Il titolo originale significa letteralmente “quando volano le gru” ed è un modo di dire per indicare l’arrivo della primavera. L’adattamento italiano, e internazionale, è frutto di un errore di traduzione della versione francese e toglie parzialmente il senso alla visione di fondo dell’originale. Stiamo parlando di Quando volano le cicogne, produzione russa datata 1957 che è stata premiata, per la prima volta nella storia del cinema sovietico, con la prestigiosa Palma d’oro al Festival di Cannes l’anno successivo. Il film, diretto dal regista di origini georgiane Michail Kalatozov, è intriso di una retorica fortemente nazionalista e in più occasioni si assiste ad un’esaltazione del comunismo allora imperante ma, allo stesso tempo, porta con sé un profondo messaggio pacifista nelle dinamiche narrative che seguono la sfortunata e complessa love-story tra i due giovani protagonisti, divisi proprio dallo scoppio della guerra.
Il racconto ha inizio nel 1941, con il giovane Boris e la coetanea Veronika che vivono una passione pura e disincantata, tipica della loro età. Il sogno di felicità si interrompe ben presto quando l’Unione Sovietica entra in guerra e il ragazzo decide di partire come volontario per combattere sul fronte: nonostante l’ovvia tristezza per la separazione, i due promettono di sposarsi quando il conflitto sarà finito. Un ritardo di Veronika alla partenza di Boris, il quale è visibilmente deluso dalla mancanza dell’amata, complica la relazione e il novello soldato tarda a scrivere le proprie lettere a casa. Nel frattempo durante un bombardamento aereo i genitori di Veronika perdono la vita e il padre di Boris, il dottor Fyodor Ivanovich, decide di accogliere in casa sua la ragazza quale promessa moglie del figlio. Tra le quattro mura, oltre al capofamiglia, alla nonna e alla sorella, vive anche il cugino di Boris, il pianista Mark, che non ha mai nascosto i suoi sentimenti nei confronti di Veronika. La scarsità di notizia riguardo il destino di Boris e le avanche sempre più spinte e violente di Mark nei confronti di Veronika finiranno per dar vita ad una complicata situazione familiare.

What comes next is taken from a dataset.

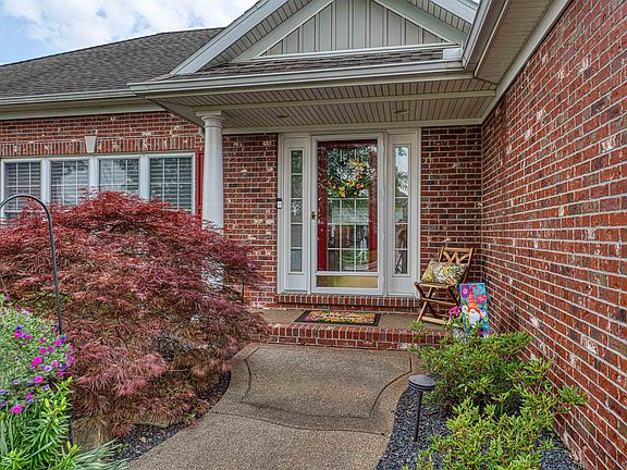 This well-maintained home in the Carrington Estates subdivision, built by Jimmy Kaster, offers three bedrooms and two and a half bathrooms. The brick exterior is surrounded by beautifully landscaped grounds, featuring Japanese maple trees, viburnum shrubs, arborvitae shrubs , Canadian red trees, and wisteria vines—all creating a private, lush setting around the pool. An irrigation system helps keep the lawn and plants green. Inside, the spacious living/great room has a bright, open feel with wood flooring and a gas fireplace. The kitchen includes plenty of quality cabinets with pull-out drawers, a large pantry, breakfast bar, and an island that looks into a flexible extra room—perfect as a second dining area or cozy sitting space. The split bedroom layout offers privacy, with the primary suite featuring glass French doors, a large bathroom with a whirlpool tub, separate shower, and double sinks. Nearby, the all-season room has its own ductless HVAC system and overlooks the pool. An office is conveniently located near the primary bedroom, just across from the laundry room and close to the garage. The garage includes a dedicated 20-amp circuit, and the pull-down attic has added flooring for extra storage. A utility shed with 110 electricity adds even more functionality to the property. The backyard is a private oasis with an in-ground pool, surrounded by lush landscaping and beautiful outdoor lighting that creates a warm, inviting atmosphere—perfect for evening swims or relaxing by the water. A charming poolside storage shed offers convenient space for outdoor gear, and a manual awning provides a nice shaded spot to relax during the warmer months.

Quando volano le cicogne è figlio di un’idea di cinema lirica e possente e nel corso dei novanta minuti di visione, che sembrano di più in quanto a solidità del costrutto e forza del messaggio – e quindi in senso positivo -, le scene madri si sprecano: dal rumore del bombardamento sovrastato dalla note del pianoforte, sequenza che precede un drammatico evento chiave, all’intenso epilogo dove gioia collettiva e dolore privato si mescolano con un’alchimia commovente, il film conquista e ammalia dal punto di vista stilistico, restituendo appieno quell’idea di Grande Madre Russia che è radicalmente connotata nelle pagine chiave della storia. Kalatozov si concentra più che sulla guerra in sé sulle conseguenze che il conflitto riserva ai personaggi, sia direttamente che – soprattutto – indirettamente; non è un caso che le fasi prettamente belliche si limitino ad una manciata di minuti, dove ha comunque luogo un episodio che condizionerà l’intero substrato drammatico a venire, sospeso tra incertezza e speranza. La sceneggiatura saggiamente si mantiene su toni ambigui e solo nella parte finale svela finalmente le proprie carte, appassionando lo spettatore fino al giungere dei titoli di coda.
Le emozioni viaggiano su binari dolci-amari, con gli iniziali momenti di tenerezza nella relazione tra i due protagonisti sostituiti in breve tempo dalla tragedia del distacco e dall’esaltazione di un ideale, in una sorta di eterna rincorsa alla tanto agognata serenità e al potenziale ricongiungimento. Quando volano le cicogne non si dimentica un’epica di fondo, con tanto di canzoni popolari (la più nota – Katjuša – parla proprio di una ragazza sofferente per la lontananza del suo innamorato) che accompagnano i passaggi più struggenti e “di massa” dell’insieme, e la splendida fotografia in bianco e nero offre il corretto sfondo scenico. L’ennesimo merito nella riuscita dell’operazione è da assegnare all’affiatato ed eterogeneo cast, con Aleksej Batalov (una sorta di James Stewart sovietico per la sua propensione a ruoli positivi) e Tat’jana Samojlova (splendida e intensa nel suo fascino tipicamente autoctono) nelle vesti dei due protagonisti e Vasili Merkuryev assolutamente perfetto nei panni del combattuto ma saldo capofamiglia.